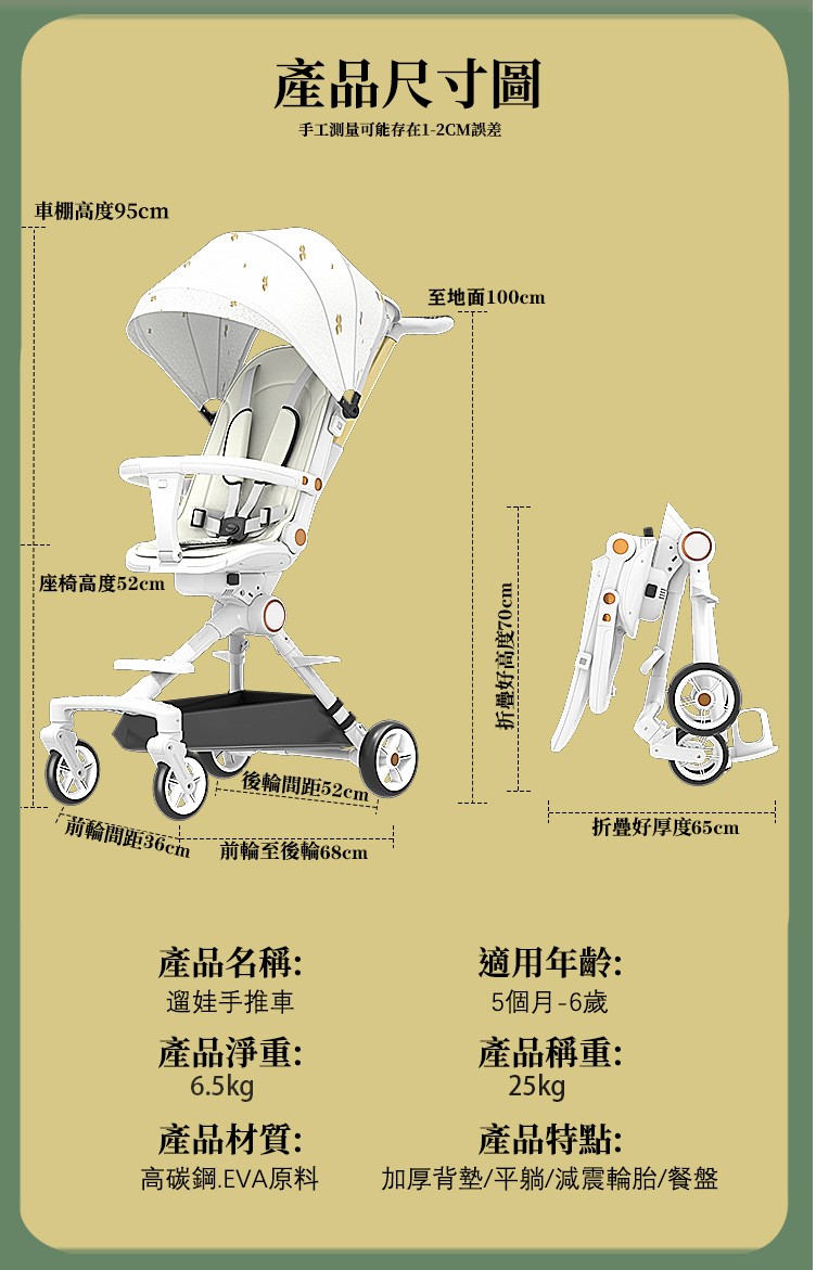 5分鐘前好康來襲 【遛娃好幫手】可坐可躺手推車 輕便可折疊 0-5歲都適用 - 【經典款】+遮陽帘+餐盤腳托+禮品
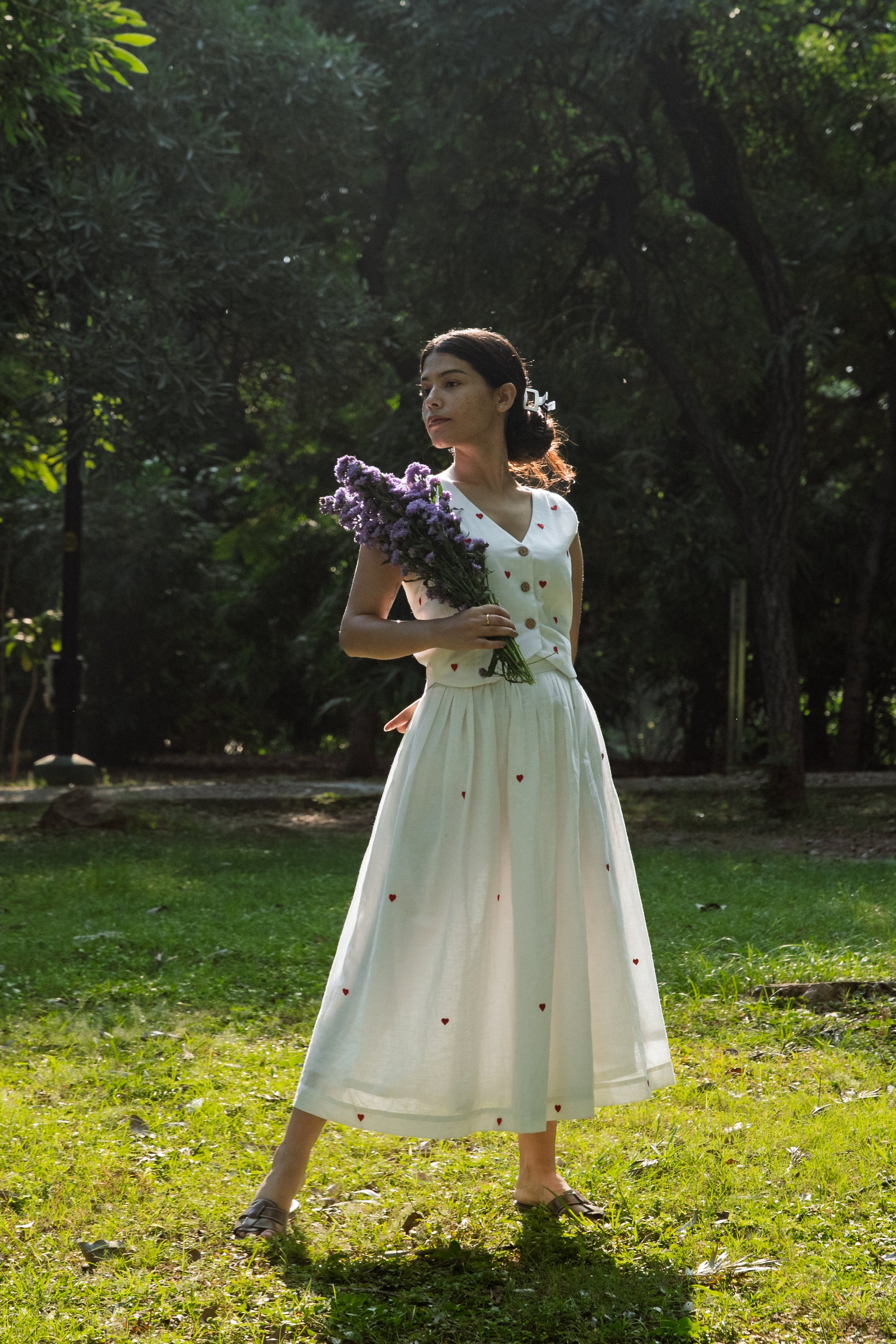Certain clothes you wear because you’re in the mood to, certain other clothes, you wear because you want to get into a mood. The Cross My Heart Co-ord is the latter kind - in the mood for chic, peppy, and to be the centre of attention in a room? This one’s for you!
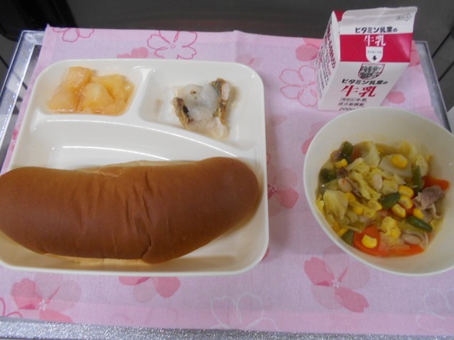 1月27日 今日の給食は、「コッペパン」「いちごジャム」「牛乳」「ミートボー...
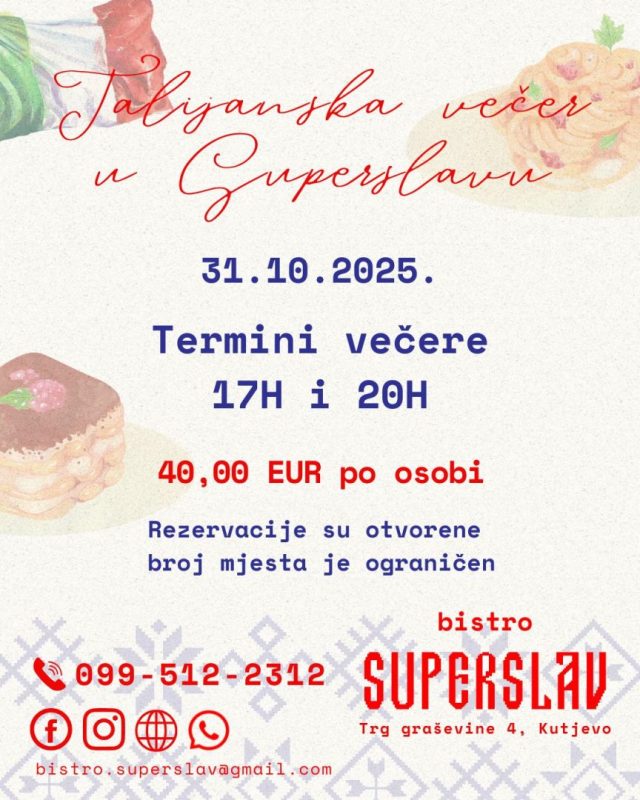 Doživite Italiju u srcu Superslava i prepustite se večeri ispunjenoj okusima, mirisima i užitkom.
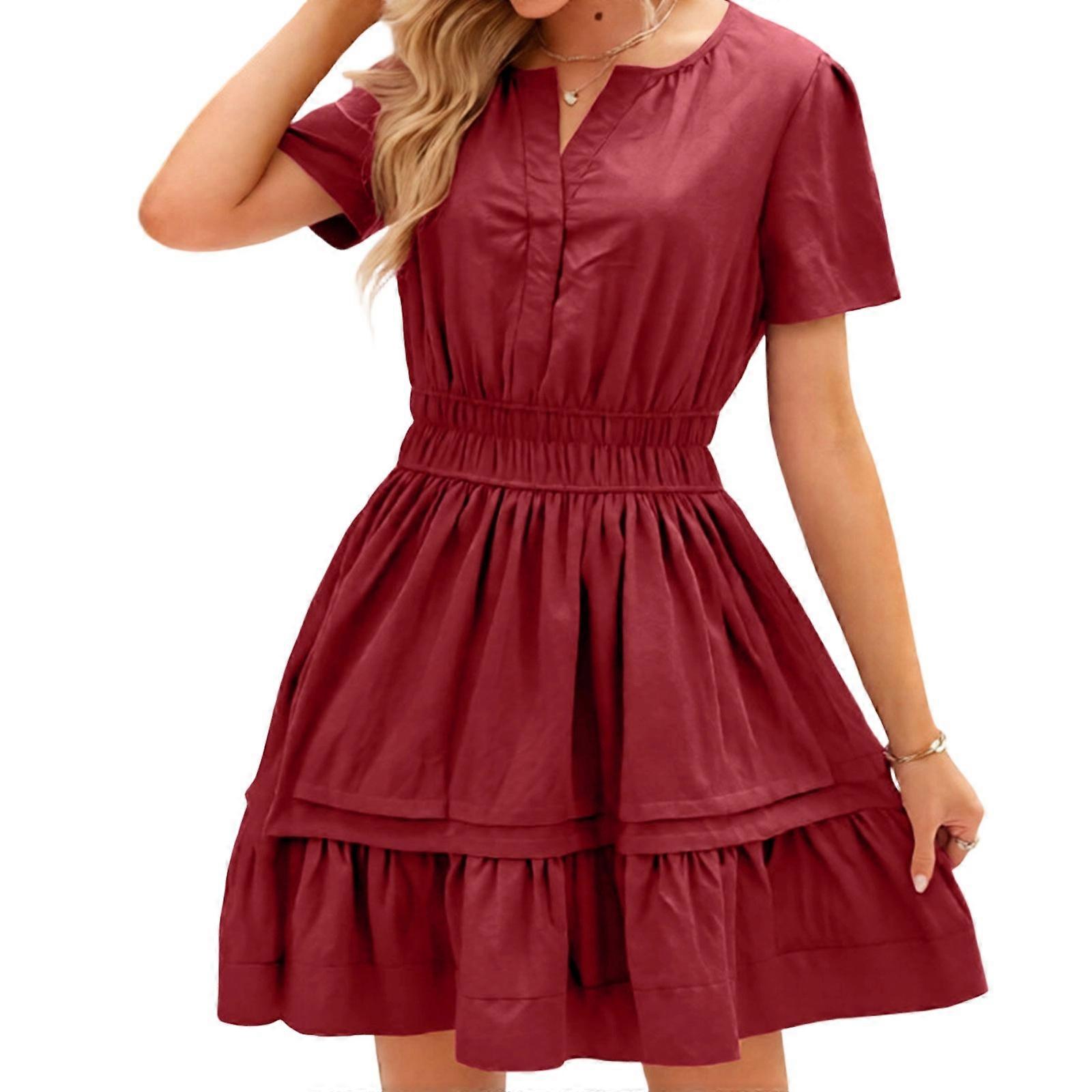 Women's Casual Dresses V Neck Short Sleeve Sundress Smocked Waist A Line Tiered Dress Burgundy XL
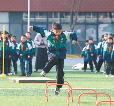 青島市李滄區(qū)是山東省內(nèi)較早推廣15分鐘課間的地區(qū),當?shù)馗餍R虻刂埔耍Y(jié)合校園特色將體育活動開展得豐富多彩。青島東川路小學在操場分設(shè)6個活動點,地面上畫好跳房子、百變大腳丫、步步登高、投擲區(qū)等不同格子,由班主任帶領(lǐng)學生,開發(fā)多種闖關(guān)類游戲,鼓勵學生創(chuàng)造新玩法。
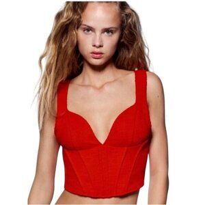 Zara red corset crop top. Good condition. Tag says L. Fits like a S. NO TRADES.
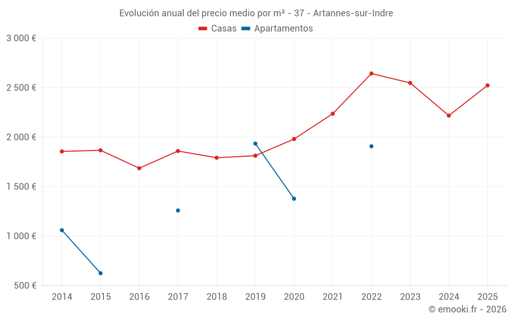¿Cuál es el precio por m2 de las casas en Artannes-sur-Indre?
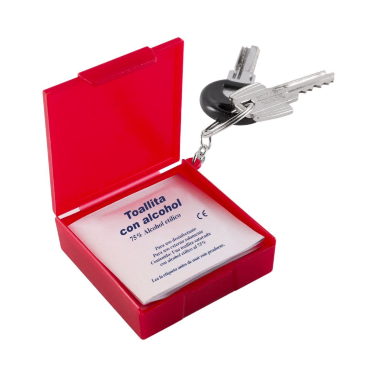 LLAVERO CON PADS DE ALCOHOL - Incluye 10 toallitas con alcohol al 75%.
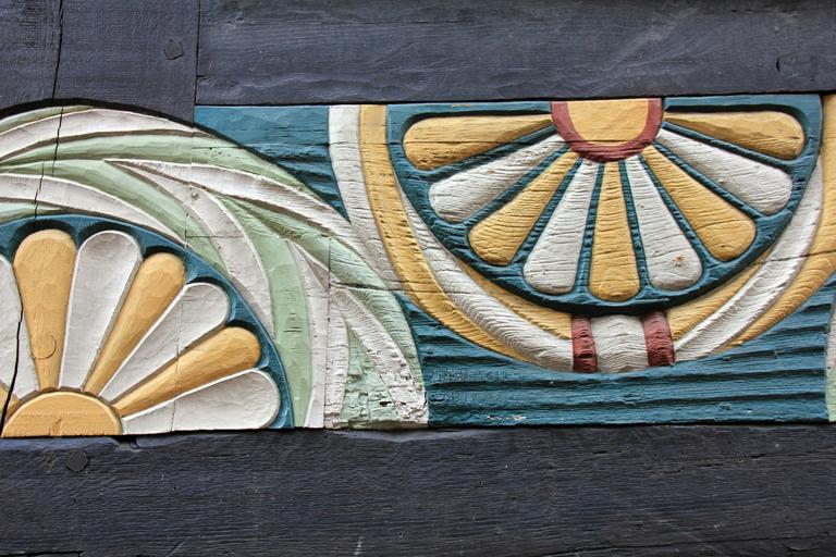 Keywords: sun building truss home fachwerkhaus carving decor colorful color bar
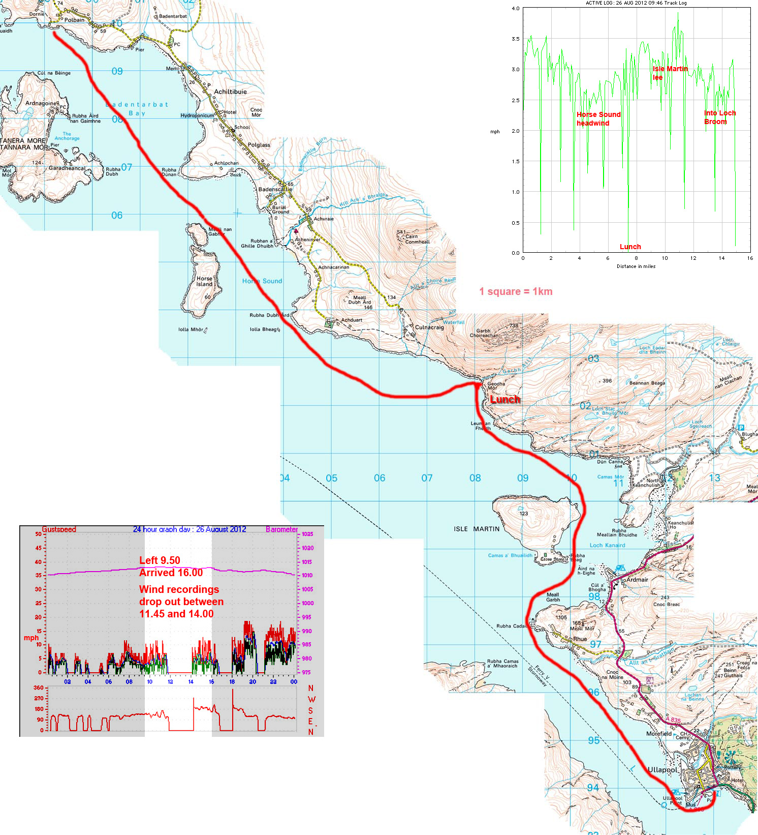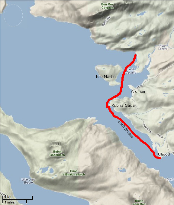 I shoved off shortly after lunch and enjoyed passing the last natural monuments of the Trail. I rounded Rubha Cadail, addressed the last salute to Ben Mor Coigach and entered Loch Broom. The wind unexpectedly veered NW and pushed me gently towards Ullapool.
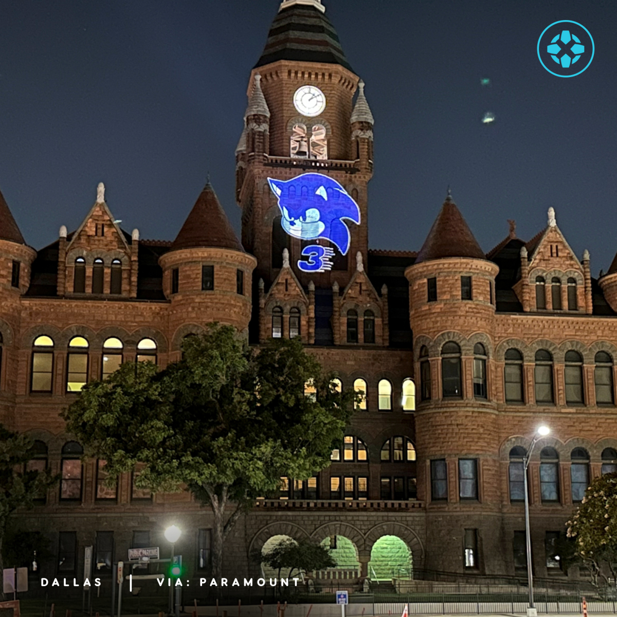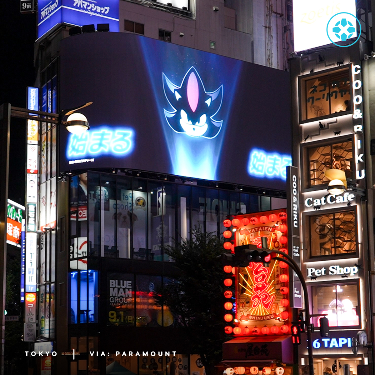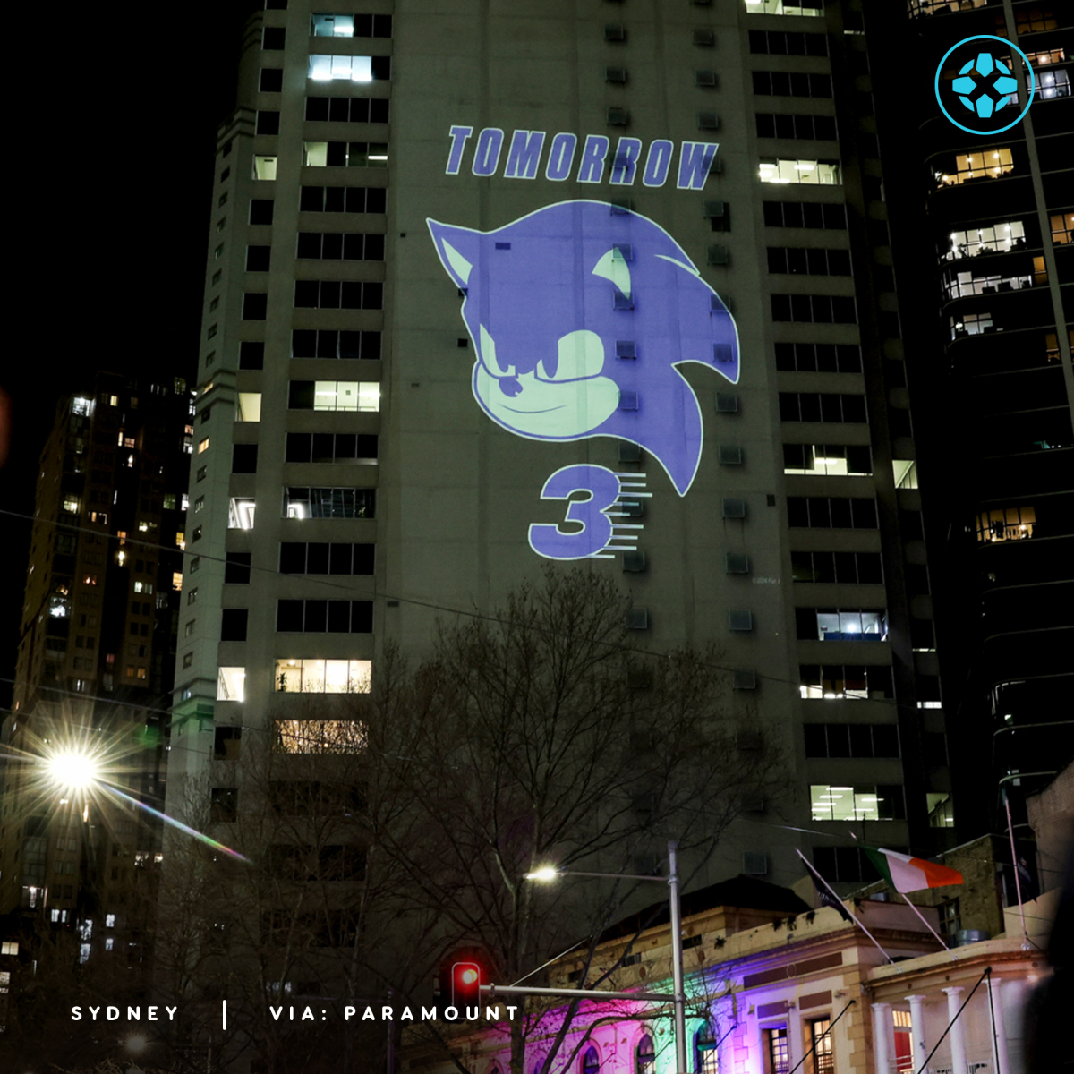 從外媒所整理的各國包含日本、西雅圖、芝加哥、舊金山...等景點,都在這些景點的象徵建築物上,利用投影的方式照射出登場於《音速小子3》電影中的「音速小子」索尼克、蛋頭博士,還有老粉絲最期待的「夏特」...等熟悉角色的圖像,而這些頭像底下都寫著一個大大的「3」,意味著即將進入第三部電影。
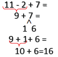 13 - 4 = 9 13 - 8 = 5 12 - 5 = 7 11 - 2 + 7 = 16
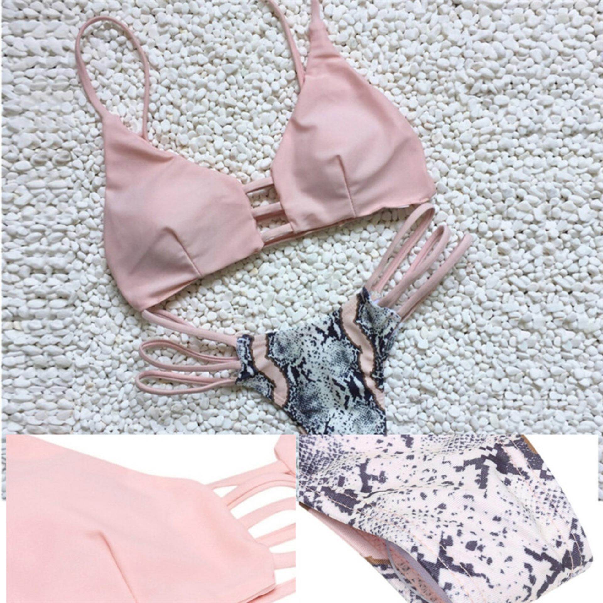 Sexy Women Bikini Set Swimwear Bandage Push-Up Padded Swimsuit Bathing Beachwear Pink
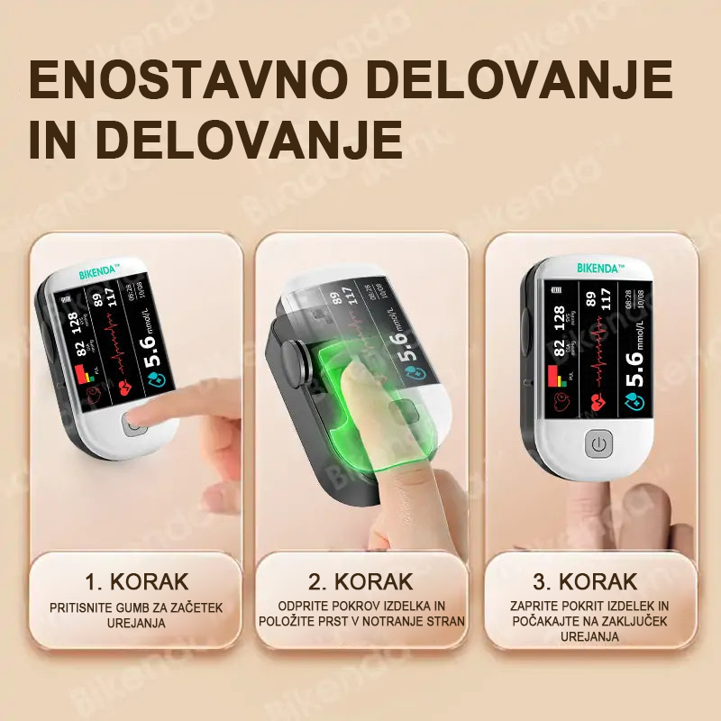 Patentirana oblika Bikenda™: Enostaven za uporabo, zagotavlja optimalno funkcionalnost in izjemno uporabniško izkušnjo. NEBOLEČA IN NEINVAZIVNA MERITEV Preprosto vstavite prst in pritisnite za aktiviranje. Postopek je neboleč in neinvaziven, zaradi česar je idealen za merjenje in spremljanje ravni krvnega sladkorja pri starejših kadarkoli doma. Prav tako je izjemno priročen za dnevno spremljanje zdravja.
########
DIRECTIONS FOR THIS TASK ▸ In the entries above, find the line with "LLAVERO CON PADS" and the line with "Sexy Women Bikini". Write out exactly those two lines and every line between them, pictures excluded.

EXERCISE RESPONSE ▸
 LLAVERO CON PADS DE ALCOHOL - Incluye 10 toallitas con alcohol al 75%.
 Keywords: sun building truss home fachwerkhaus carving decor colorful color bar
 I shoved off shortly after lunch and enjoyed passing the last natural monuments of the Trail. I rounded Rubha Cadail, addressed the last salute to Ben Mor Coigach and entered Loch Broom. The wind unexpectedly veered NW and pushed me gently towards Ullapool.
 從外媒所整理的各國包含日本、西雅圖、芝加哥、舊金山...等景點,都在這些景點的象徵建築物上,利用投影的方式照射出登場於《音速小子3》電影中的「音速小子」索尼克、蛋頭博士,還有老粉絲最期待的「夏特」...等熟悉角色的圖像,而這些頭像底下都寫著一個大大的「3」,意味著即將進入第三部電影。
 13 - 4 = 9 13 - 8 = 5 12 - 5 = 7 11 - 2 + 7 = 16
 Sexy Women Bikini Set Swimwear Bandage Push-Up Padded Swimsuit Bathing Beachwear Pink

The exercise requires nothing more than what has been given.